Activity →
Below are records to be transcribed exactly; any pictures should be left out.

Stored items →
* * *

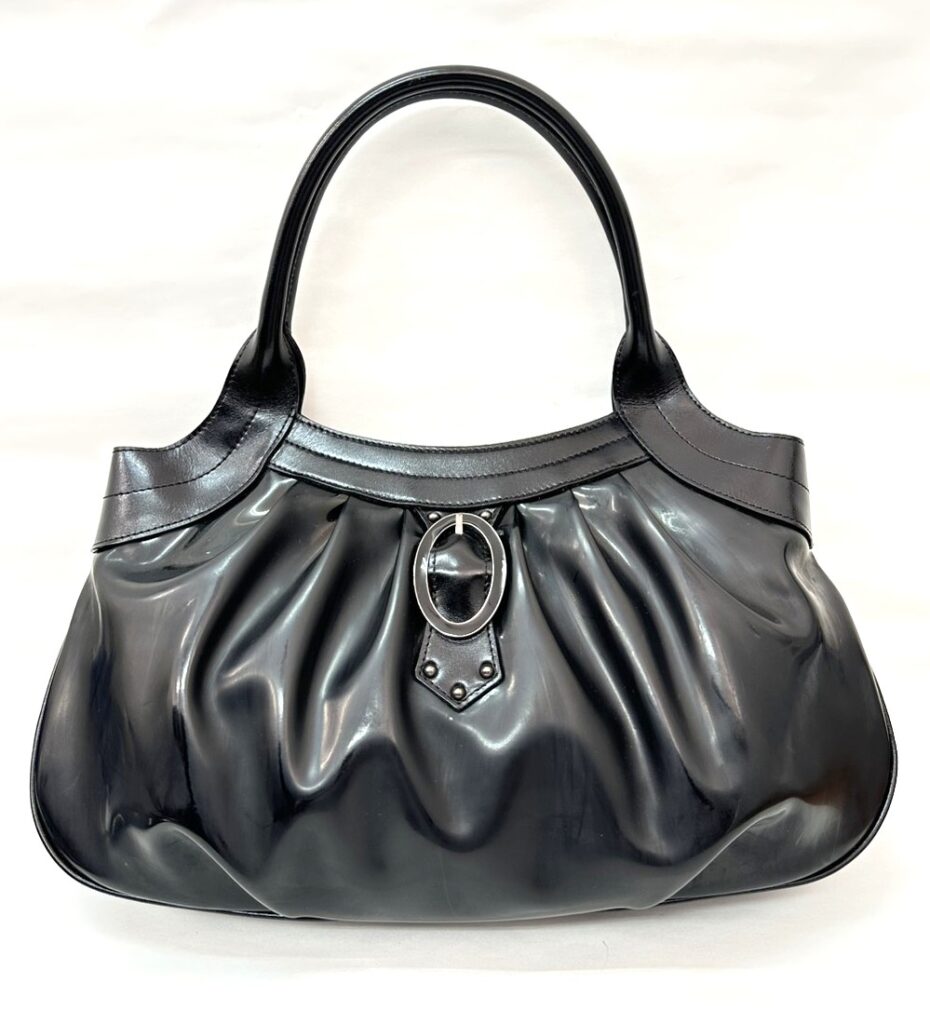 深い光沢を放つブラックのエナメルレザーに、洗練されたデザインが光る、非常にエレガントなバッグです。日本の職人技が光るきめ細やかな作りと、流行に左右されない上品なフォルムが魅力ですね。
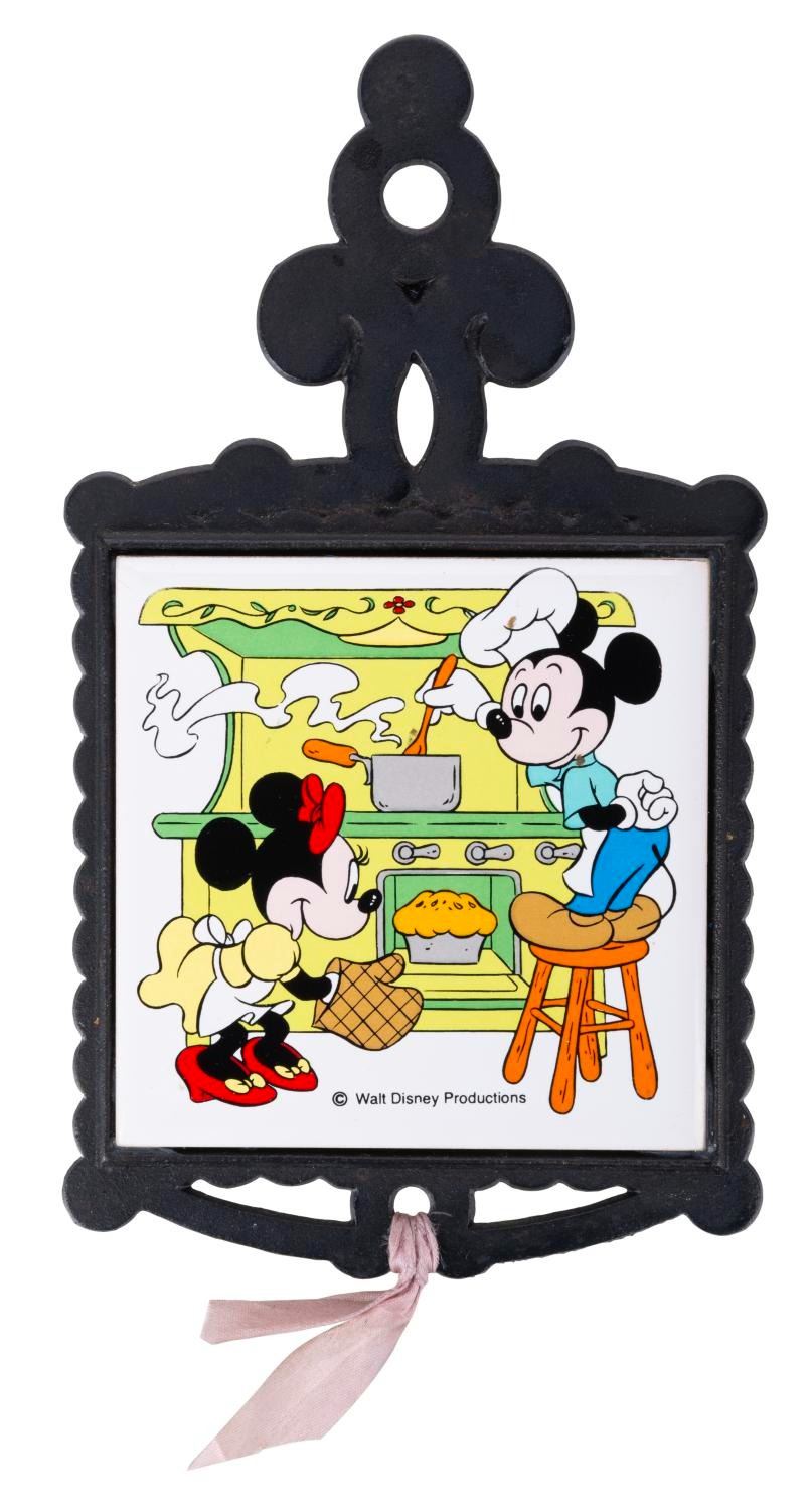 (Disneyland, 1970s-80s) A decorative cast iron and tile trivet featuring Mickey and Minnie Mouse. Measuring 9.25"x5.25", the trivet displays in fine condition with light surface wear and faint oxidation to the iron.
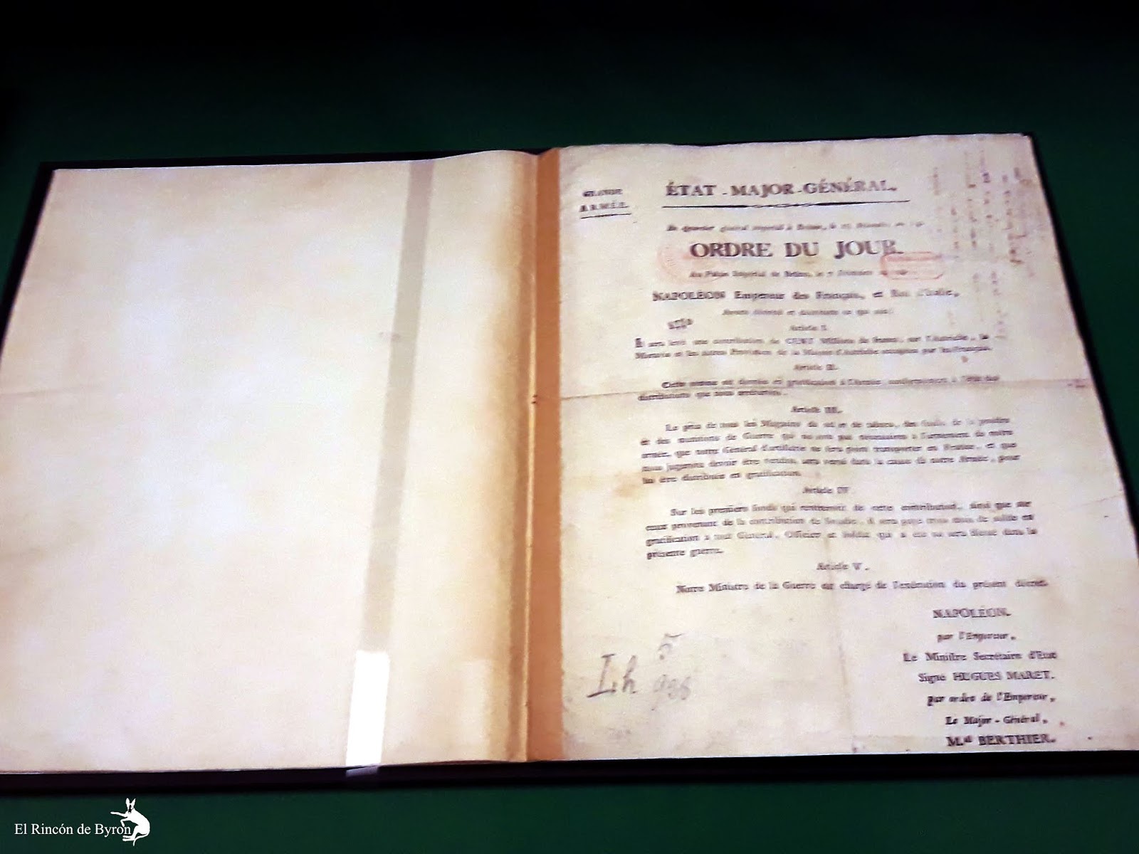 Esta orden del día reproduce un decreto imperial del 7 de frimario del año XIV. Después de Austerlitz, Austria debe indemnizar con 100 millones de francos, que el Emperador destina prioritariamente a la gratificación de los soldados heridos durante la campaña.
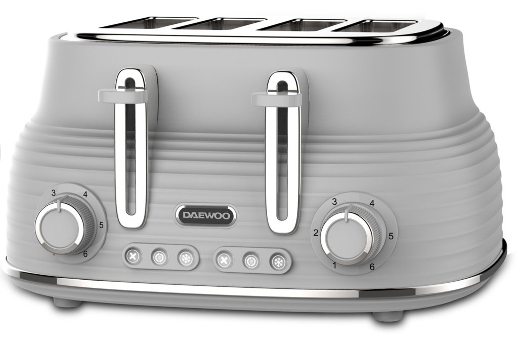 Stylish corrugated textured design | Reheat and defrost functions | 6 browning control settings | High-lift lever | Removable crumb tray | Matching kettle and accessories available | Dimensions: 35L x 31.5W x 18.5H cm
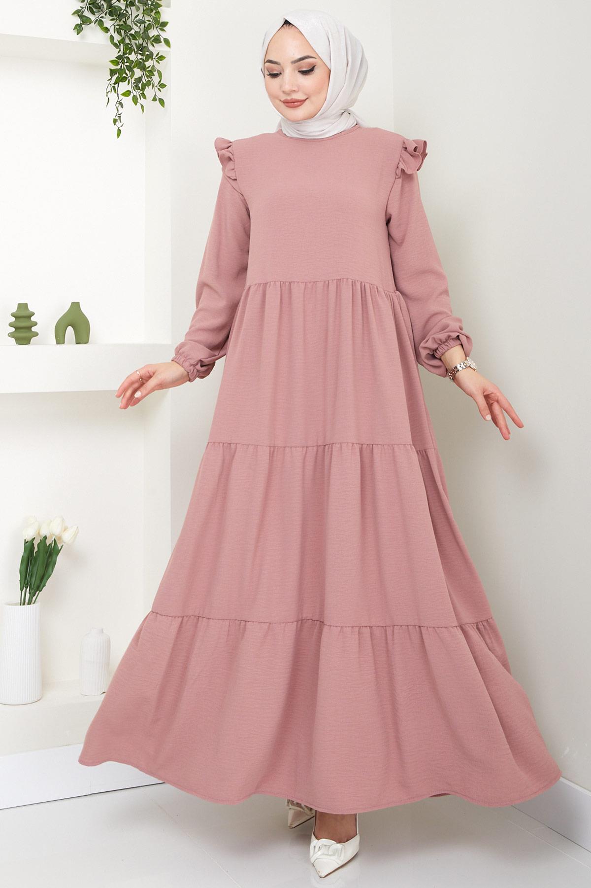 Omuzu Fırfırlı Ayrobin Tesettür Elbise Gül Kurusu HM2062 (2062)

* * *

Completed task →
 深い光沢を放つブラックのエナメルレザーに、洗練されたデザインが光る、非常にエレガントなバッグです。日本の職人技が光るきめ細やかな作りと、流行に左右されない上品なフォルムが魅力ですね。
 (Disneyland, 1970s-80s) A decorative cast iron and tile trivet featuring Mickey and Minnie Mouse. Measuring 9.25"x5.25", the trivet displays in fine condition with light surface wear and faint oxidation to the iron.
 Esta orden del día reproduce un decreto imperial del 7 de frimario del año XIV. Después de Austerlitz, Austria debe indemnizar con 100 millones de francos, que el Emperador destina prioritariamente a la gratificación de los soldados heridos durante la campaña.
 Stylish corrugated textured design | Reheat and defrost functions | 6 browning control settings | High-lift lever | Removable crumb tray | Matching kettle and accessories available | Dimensions: 35L x 31.5W x 18.5H cm
 Omuzu Fırfırlı Ayrobin Tesettür Elbise Gül Kurusu HM2062 (2062)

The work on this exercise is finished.